If you eat meat and vegetables, nuts and seeds, some fruit, little starch, and no added sugar in quantities that support exercise but not body fat; practice and train major lifts; and mix these elements in as many ways as creativity will allow five or six days per week, you’ll lose excess body fat and you’ll build muscle. Your work capacity will increase. This is true regardless of your sex.
Health, CrossFit argues, is a person’s work capacity over their lifetime. Therefore, the more work capacity you have and the longer you can sustain it, the healthier you are. This is also true regardless of sex.
If a training and nutrition regimen increases one’s health, prolonging one’s natural lifespan and quality of life — dare I declare this a universal positive outcome? — we must assume that the accompanying adaptations are also positive. The healthiest version of a biological male? He can move large loads long distances quickly, and can do so into old age. The healthiest version of a biological female? She can move large loads long distances quickly, and can do so into old age.
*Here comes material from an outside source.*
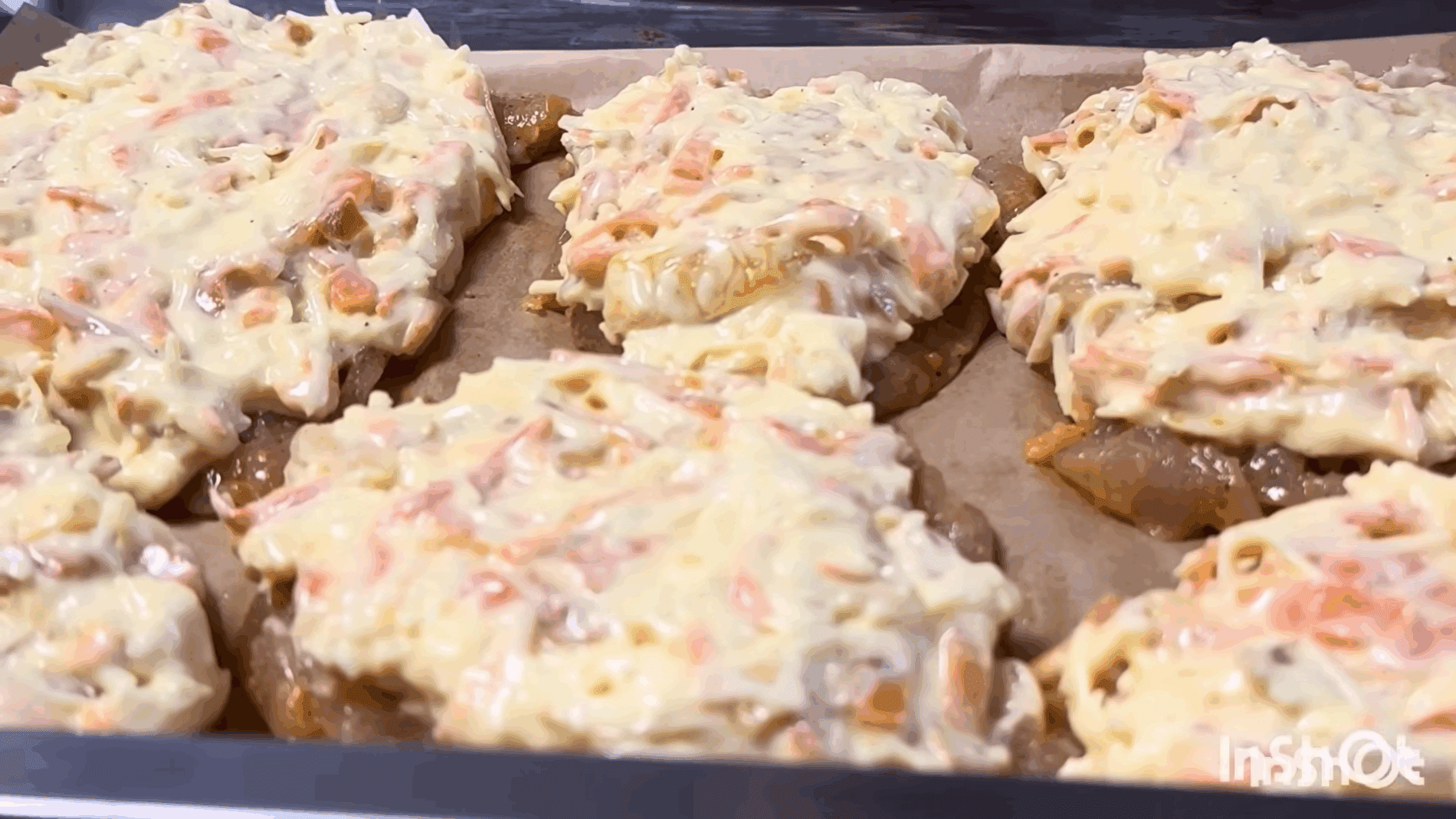 Готові відбивні виглядають апетитно – сирна шапочка не розтікається, а м’ясо виходить м’яким і соковитим. У цій страві все збалансовано: ніжність курятини, солодкість моркви, аромат цибулі та вершковий присмак сиру.

Both will have the corresponding musculature to show for it.
Put another way, the women of the CrossFit Games, in all their chiseled glory, can be nothing but a natural expression of biological femininity — one expression among many.
If you don’t like it; if you think women shouldn’t be muscular, I challenge you to ask yourself why you’d prefer women to limit their capacities — and therefore, their health.
*“Gender” refers to internal and social identity; “sex” refers to biological characteristics. For the sake of simplicity, any references made here to “male,” “female,” “men,” “women,” or variations thereof are intended as references to sex.